At the same time, nuclear is re-entering the conversation. While historically contentious, it is gaining renewed attention, particularly among larger developers, as a source of clean, firm power albeit with a longer lead time and more capital intensive implementation than other technologies.

In parallel, closer alignment is emerging between utilities and developers, driven by the shared challenge of delivering capacity at pace and scale. This is leading to more coordinated approaches to siting, interconnection, and system planning, with a greater focus on targeting generation to where load is emerging, rather than optimising for standalone project economics.

Overall, the market is moving towards a more integrated energy environment, where value is created not only through generation, but across the full ecosystem, including transmission, interconnection, and system flexibility.

Access to affordable capital is increasingly critical as investors become more selective

Policy uncertainty - particularly around US tax credits and evolving Foreign Entity of Concern (FEOC) rules - is shaping deal execution, especially for Investment Tax Credit (ITC) based structures such as Section 48E (the Clean Electricity Investment Credit).

ITCs remain a critical driver of project economics, offering a significant upfront tax offset on costs, while the new Section 48E regime extends eligibility to all zero-emission generation on a technology-neutral basis. However, recent FEOC restrictions, linked to foreign ownership, influence, and supply chain inputs, have introduced new layers of complexity.

The FEOC restrictions combined with enhanced supply chain tracing requirements, have significantly increased the due diligence burden for developers, making compliance more complex and introducing additional execution risk. As a result, compliance continues to be operationally challenging.

This is driving a broader shift in the market: financial structuring is no longer a secondary consideration, it is central to execution, directly shaping deal certainty, timing, and overall transaction momentum. Participants highlighted the continued depth of capital across power and renewables, with strong deployment pressure from private credit and infrastructure funds supporting competitive pricing.

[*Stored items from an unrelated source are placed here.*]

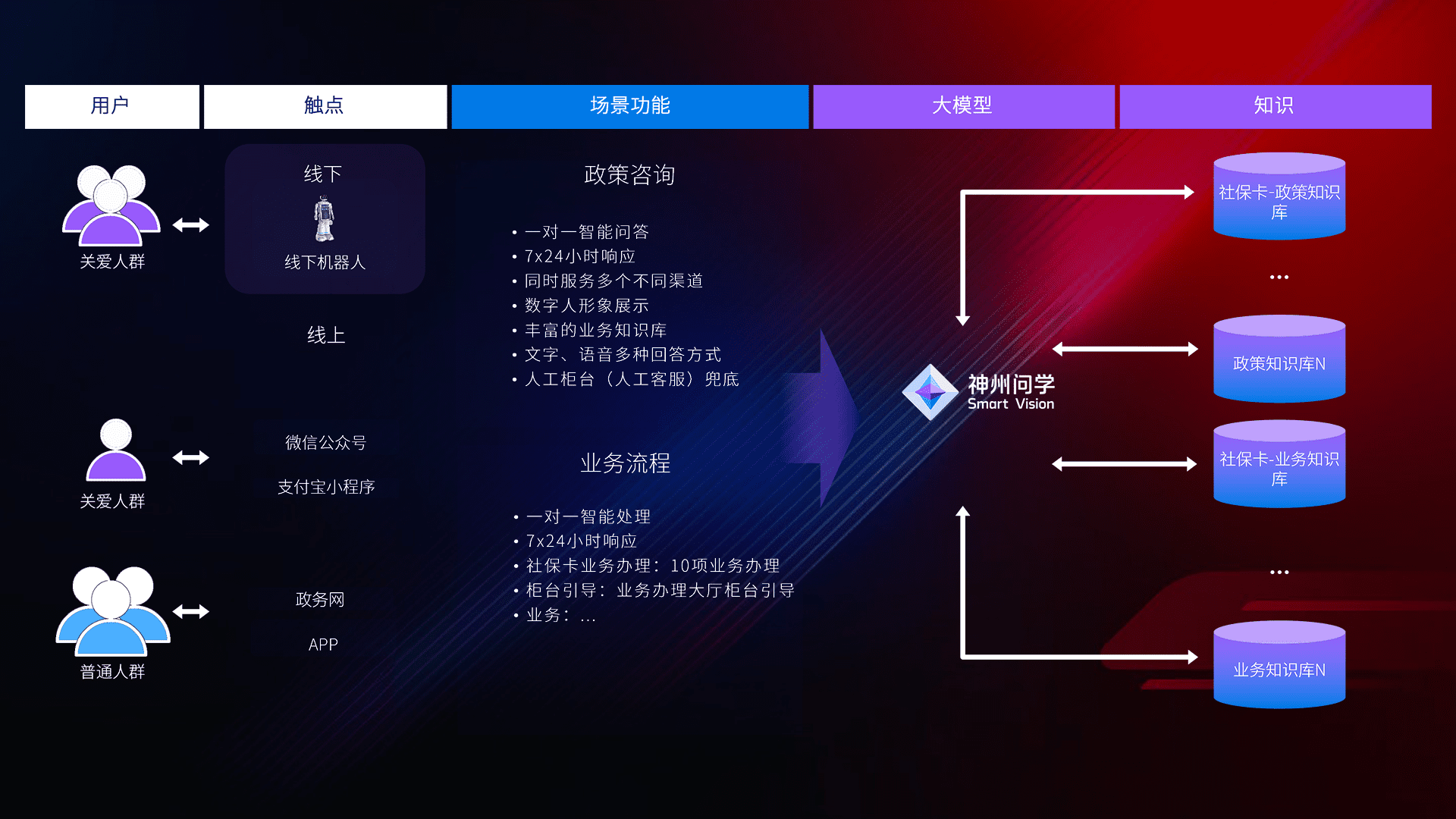 • 线上线下全覆盖:线上提供微信公众号、、、、支付宝小程序、、、政务网、、app多种渠道,,,与线下机器人形成完整服务体系。。
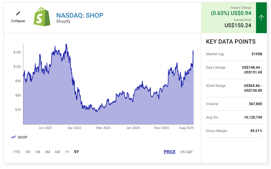 이 주식은 중소기업과 대기업을 위한 선도적인 이커머스 솔루션 플랫폼으로 성장하여 온라인 스토어를 구축하고 결제를 수락하는 데 필요한 거의 모든 것을 제공하고 있습니다.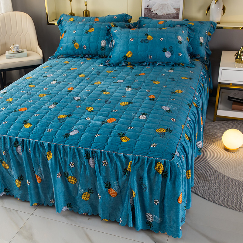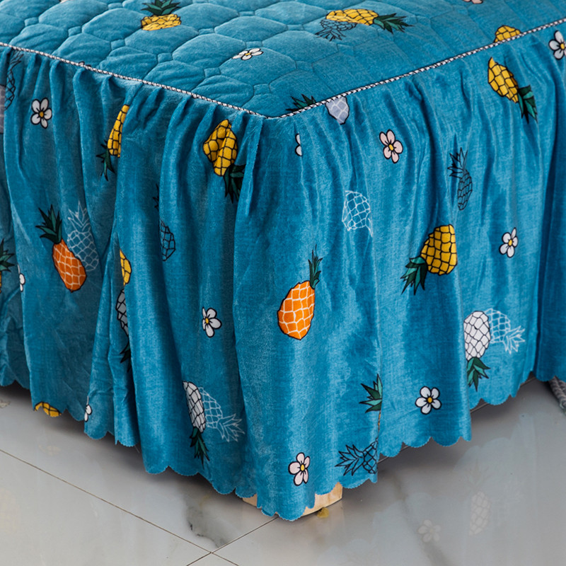 纽缦 2020新款绒夹棉床裙 菠萝蜜蓝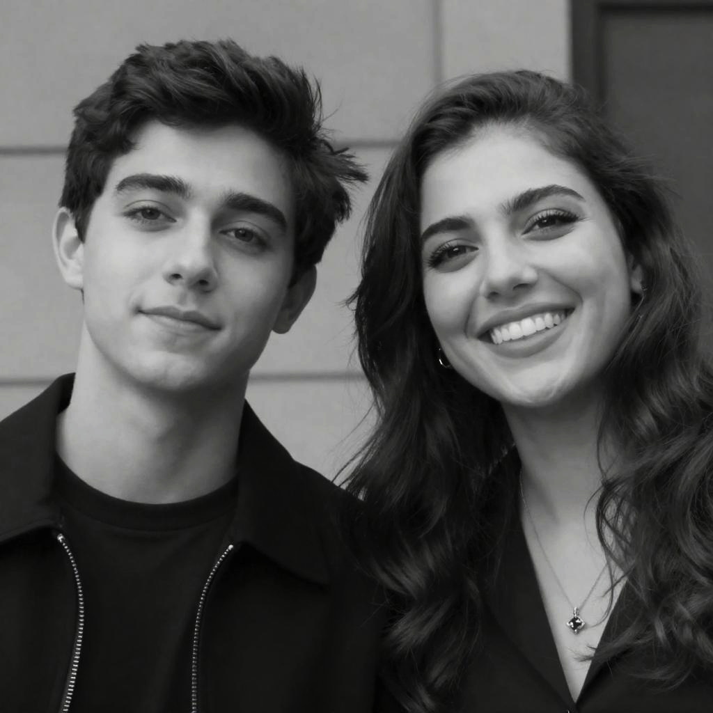 Black and white photograph of a young man with dark hair and a woman with wavy hair, smiling. Man on left, woman on right, both wearing dark clothing. Woman's smile is bright, man's expression neutral. Background slightly blurred. Both looking slightly upwards.

However, selectivity is increasing. As the complexities outlined above, from policy uncertainty and tax credit evolution to interconnection delays and delivery risk, take hold, investors are placing greater emphasis on certainty of execution and downside protection.

There is a clear shift towards operating or near-operational assets, with heightened scrutiny of project counterparties, documentation, and execution timelines. Investors are increasingly focused on interconnection risk, regulatory exposure, supply chain certainty, and revenue quality, alongside the strength of off takers and contracted cash flows.

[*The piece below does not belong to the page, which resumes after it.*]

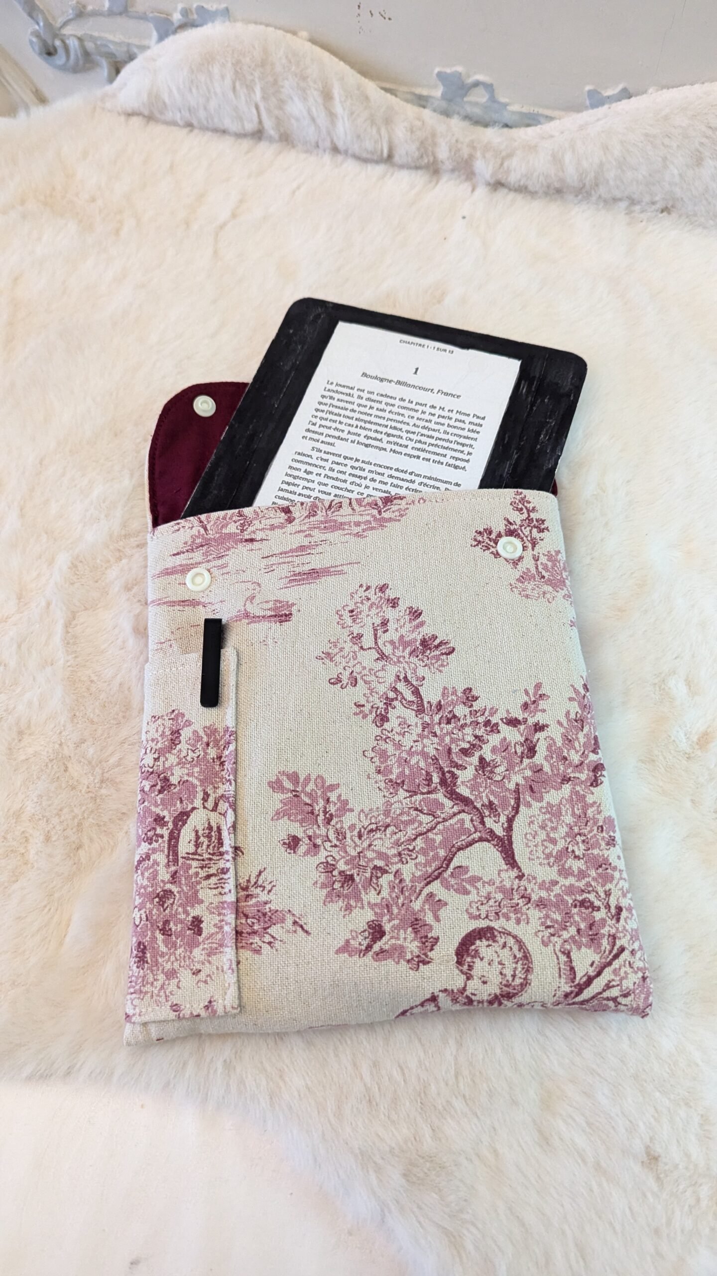 Protège liseuse , avec compartiment pour le stylet toile de Jouy rouge

While liquidity remains robust, market dynamics are becoming increasingly more complex. Careful attention to due diligence and early-stage planning is essential to avoid delays, repricing, or compliance risks. Developers with a strong track record and experience navigating this environment are clearly differentiating themselves and performing best.

Key takeaways

The roundtable highlighted a clear shift in the power and renewables market:

  • Demand is strong and accelerating, driven by data centres, industrial growth, and broad electrification
  • Deliverability is now the key constraint, with interconnection, transmission, and permitting challenges slowing deployment
  • Energy strategies are becoming more pragmatic, with battery storage playing a key role to enable reliability of renewables, alongside the need for other sources of power, such as gas and nuclear
  • Financial structuring is increasingly critical, as policy uncertainty and tax credit complexity shape execution
  • Capital remains abundant, but more selective, with investors prioritising experienced developers and downside protection

Ultimately, success is no longer about access to capital: it is defined by execution.